# Bba algae and co2



## Patriot (Dec 22, 2010)

how much dissolve CO2 is in the water? 

Go back to the ceramic diffuser to see if the BBA goes away. If it does then maybe you don't have enough Co2 in the tank.


----------



## gunnerthesnowman (May 28, 2016)

Take a cup of tank water , let it off gas for 24 hr , then take the PH , to get 30ppm of CO2 , the PH should be 1 full point lower with CO2 on to What it is with CO2 off


----------



## angyles (Oct 1, 2015)

I am going about 1-1.2 lower


----------



## Hoppy (Dec 24, 2005)

How much light to do you have? What are the tanks dimensions, and what specific lighting are you using? Are you also fertilizing with NPK and trace elements?


----------



## aqbii (Nov 9, 2016)

gunnerthesnowman said:


> Take a cup of tank water , let it off gas for 24 hr , then take the PH , to get 30ppm of CO2 , the PH should be 1 full point lower with CO2 on to What it is with CO2 off


Doesn't it also depend on the KH level? I thought the higher the KH, the lesser PH will drop due to the same amount of injected CO2. Because I could not do the math, I simply opted to use the drop checker.
I assumed the drop checker was always 2 hours behind, so whatever the color its showing, I would take that reading as 2 hours ago.


----------



## JohnsTank (Jul 16, 2016)

angyles said:


> I need some input on what 'unstable co2' actually means for my specific situation. I've just gone through a radical purge of bba and want to make sure it doesn't come back.
> 
> For about 8 months, I ran my co2 through a little fluval ceramic diffuser. It worked, and I had no algae, but I got tired of the bubbles and wanted better distribution. I decided to upgrade to the atomic inline diffuser. Plants were happy, everything seemed good, until about 2 months later when bba moved in. I've manually removed it twice already but it keeps coming back. Its been about 6 months. This 3rd time I've taken my hardscape out indefinitely, bleached my equipment, threw out 3/4 of my plants and soaked the rest in excel. I've had the co2 off for 6 days as I double dose excel daily and am ready to stop the excel and turn the co2 back on, but I'm scared! If it comes back, I may throw everything out and start over.
> 
> ...


Just reading your post and so much of it sounded similar, I thought I would respond. I am using an Atomic diffuser now also but actually, I'm thinking about trading it out for something that will put less of a cloud in my tank. The diffuser is installed about 20" from the lily pipe and while there were no bubbles when I had it set at 1 BPS, at 2-3 BPS it's very cloudy.

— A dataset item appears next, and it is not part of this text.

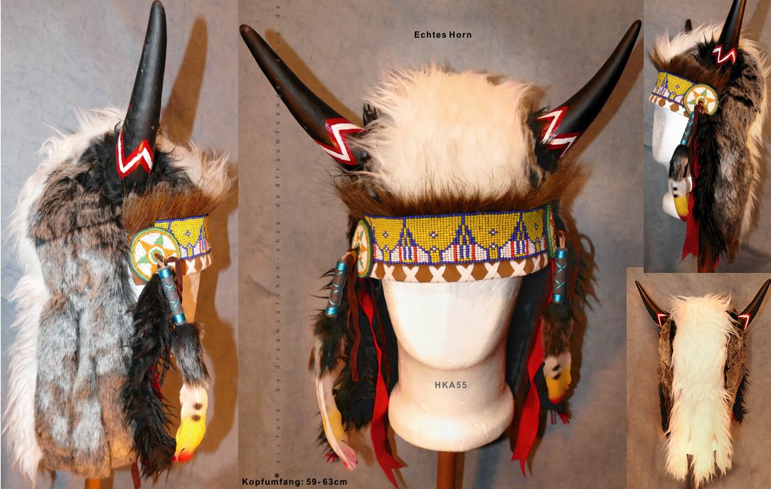 Fellkappe aus Webpelz weiss und grau.2 echte Hörner (Rind) bemalt. Seitlich mit 2... mehr

My water is also 7.6 at tap but I have the opposite problem with water quality. My GH from tap is around 15 and KH is 8. I have chosen to use 75% RO and 25% tap. This gives me a GH of 5 and a KH of 6. Co2 is at 30 ppm. 

Although you didn't mention much about your lights, I'm hoping maybe you would share your photoperiod. I'm using a Finnex Ray2 and it is my belief that this light is not helping my tank. I have reduced the light at least temporarily to about 6 hrs per day. I believe this particular fixture just provides too much light for just so few clippings that I've only recently started in my tank. I believe that the excess light is the single biggest contributor to the BBA in my tank. That extra energy has to go somewhere. Without many plants in my tank, I think the algae spores are using it. Then I learned I was feeding it with excess fertilizer from the PPS-PRO system.

Getting back to the BBA, although I did try to target dose the H2O2 on this plant, because of its long slender leaves, it's difficult to know whether it made contact with the whole plant. Clearly it didn't because the BBA is still there (most of it anyway). I guess it can't hurt to target the plant with Excel and see what happens. If that doesn't work, I'm inclined to cut the leaves off or remove it completely.


----------



## dzega (Apr 22, 2013)

BBA thrives on dead plant matter and dead GSA. Keep tank clean of those two


----------



## angyles (Oct 1, 2015)

The tank is a 35 bowfront. I dose EI and use a Current Sat+ Pro at 70%. I have turned it down (was at 80) although light doesn't seem to be as big of a factor with BBA as with other algae. My photo period is 8 hours. 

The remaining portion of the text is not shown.